Second year. Happened unexpectedly, ended expectantly. But still remembering it, in a different but good way
Coincidentally I lost the "physical memory" very recent.
Wednesday, 07 October 2009
Dear Issue,
I am writing you this letter as I know you would be able to help them, though themselves need to put in efforts.
Please do not go near to the people I care for. I understand there will be times where you need to visit them but please reduce the frequency of getting near to those I care for dearly.
In particular, you've been visiting both of them very frequently recently. I am buying you one way ticket to the sea. Hope you'll enjoy the stay so much you wouldn't want to come back.
Sunday, 27 September 2009
I've been thinking and asking myself quite a bit recently. What am I good at and what do I like?
I can't seems to find the answer. What am I good at? I don't know. I am not good with numbers, that's for sure. I'm not into science as well. Language, well I write a bit but no, not good in it. So what else? People skill? No, I am quite introvert that I got sound because of this quite a bit. Hmm, so what am I good at?
That leads to the next question, what do I like? Do I like to go out? No, not really because I can't really stand crowd and too much noise.

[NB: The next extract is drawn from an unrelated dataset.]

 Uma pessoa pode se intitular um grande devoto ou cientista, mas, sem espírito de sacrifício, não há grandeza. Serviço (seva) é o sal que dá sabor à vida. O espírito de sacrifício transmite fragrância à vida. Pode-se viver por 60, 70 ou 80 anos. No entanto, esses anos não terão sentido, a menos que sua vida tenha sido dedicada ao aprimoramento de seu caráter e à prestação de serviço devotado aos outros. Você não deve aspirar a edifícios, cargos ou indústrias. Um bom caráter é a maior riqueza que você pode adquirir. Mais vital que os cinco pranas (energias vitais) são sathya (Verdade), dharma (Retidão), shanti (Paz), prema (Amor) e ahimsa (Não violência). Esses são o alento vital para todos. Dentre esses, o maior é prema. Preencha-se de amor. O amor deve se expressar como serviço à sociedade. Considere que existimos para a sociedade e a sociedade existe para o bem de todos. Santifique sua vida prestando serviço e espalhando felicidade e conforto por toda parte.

Do I like movies? No, I don't really go to cinema. I think so far, I've not been into the cinema for more than 10 times. So again, what do I like? I like reading but that's a very personal thing. Can hardly share it with someone else isn't it?
I think I'm good at being a boring person and of course I'm pretty good when it comes to twirling my hair I think people around me must be bored by a boring person like me.